At a special meeting Friday night, Sept. 18, half of the four Westminster School District board members voted not to pursue an investigation of their president, Frances Nguyen, for potential voter fraud.

The tie vote put an end to the proposal, which needed a majority to move forward.

Nguyen did not recuse herself from weighing in. Trustee Khanh Nguyen joined her in voting no.

Originally, the agenda item asked for an internal investigation. Through her attorney, Frances Nguyen responded that she would not cooperate.

Instead, the board voted on a motion to ask the Orange County District Attorney’s office to conduct an investigation.

Trustees Jamison Power and colleague Jeremy Khalaf voted in favor of sending the district attorney a formal request.

The board lost a member in mid-August with the resignation of Xavier Nguyen, charged with three felony counts of voter fraud. District Attorney Todd Spitzer claimed that Xavier Nguyen used a false residential address to seek office.

Power and other Westminster residents have prodded Spitzer to investigate Frances Nguyen, as well, for alleged address fraud.

In 2018, the school district switched from at-large to by-area elections under threat of a lawsuit claiming violation of the California Voting Rights Act. Nguyen’s longtime home on Marquette Street sits in what is now delineated as “Area 1,” while Power resides in Area 4.

Power decided not to run for reelection after two terms. In late June, Nguyen registered to vote with an address on Pinehurst Circle near in Power’s precinct. Another candidate, David Johnson, had announced his candidacy for Area 1.

As it turned out, Nguyen’s newly registered address was actually just outside the Westminster district, within Ocean View School District boundaries.

On Aug. 4, three days before the deadline for candidates to get their names on the ballot, Nguyen filed another address with the Registrar’s office – this one in Area 4 on Pacheco Avenue.
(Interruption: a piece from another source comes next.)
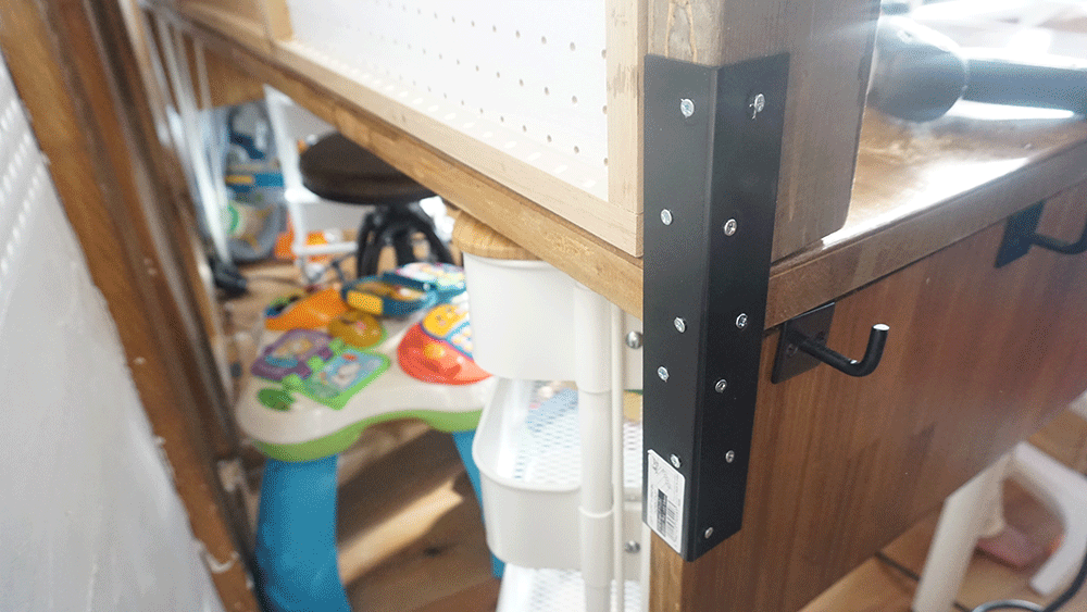 そこにセリアの棚用アングルを下から2つ、上から2つ、計4つのアングルで支えます。
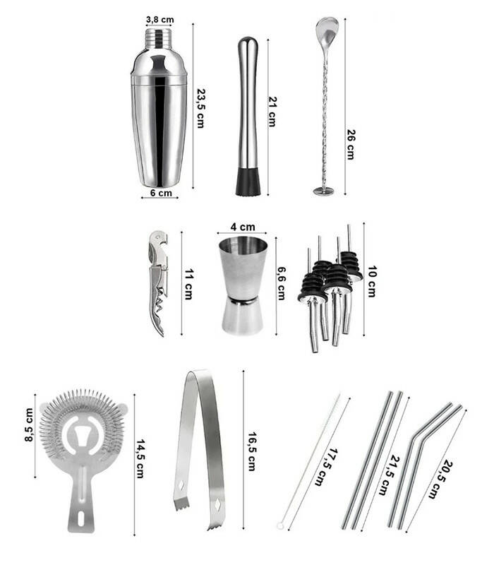 - Набір бармена складається з 17 елементів, які допоможуть вам створити чудовий напій.

She used the Pinehurst house as her former address.

In a letter to Superintendent Cyndi Paik and Spitzer, Power claimed Nguyen vacated her seat the day she registered an address outside the school district.

But Nguyen’s attorney, Mark Rosen, argued that she never actually lived at the Pinehurst address so did not forfeit her position.

Rosen wrote district officials a letter dated Sept. 11 laying out the reasons Nguyen opposed an investigation.

When the school district was divided into five precincts, Rosen said, “this gave Mrs. Nguyen the option of choosing a district in which she could run in 2020.”

The precinct system is meant to provide residents a chance to represent their own neighborhoods.

Rosen said Nguyen needed to rent out rooms in her “spacious” Area 1 home due to business losses during the coronavirus crisis. She decided to look “for housing in the (precinct) that would be compatible with her reduced budgetary capacity,” Rosen wrote.

On Aug. 3, Rosen said, just as she was planning to move into the Pinehurst address, the Orange County Registrar of Voters office informed her that the house was not in the Westminster district.

“Mrs. Nguyen was shocked,” the letter reads. “Luckily, she had made plans for a backup room at an address on Pacheco.”

Power, who is an attorney, countered that Nguyen registered to vote “under penalty of perjury” using the Pinehurst address. “It’s asking for a current address, not a future address,” he said.

Power made the motion to write a letter to the DA’s office.

“How are we demonstrating to the community that we take this seriously?” Power said, pointing out that seven years prior, trustee Andrew Nguyen resigned under suspicion that he had used an incorrect address.

However, trustee Khanh Nguyen said that residents had already approached Spitzer about an investigation, so the district did not need to “spend resources” further pursuing the matter.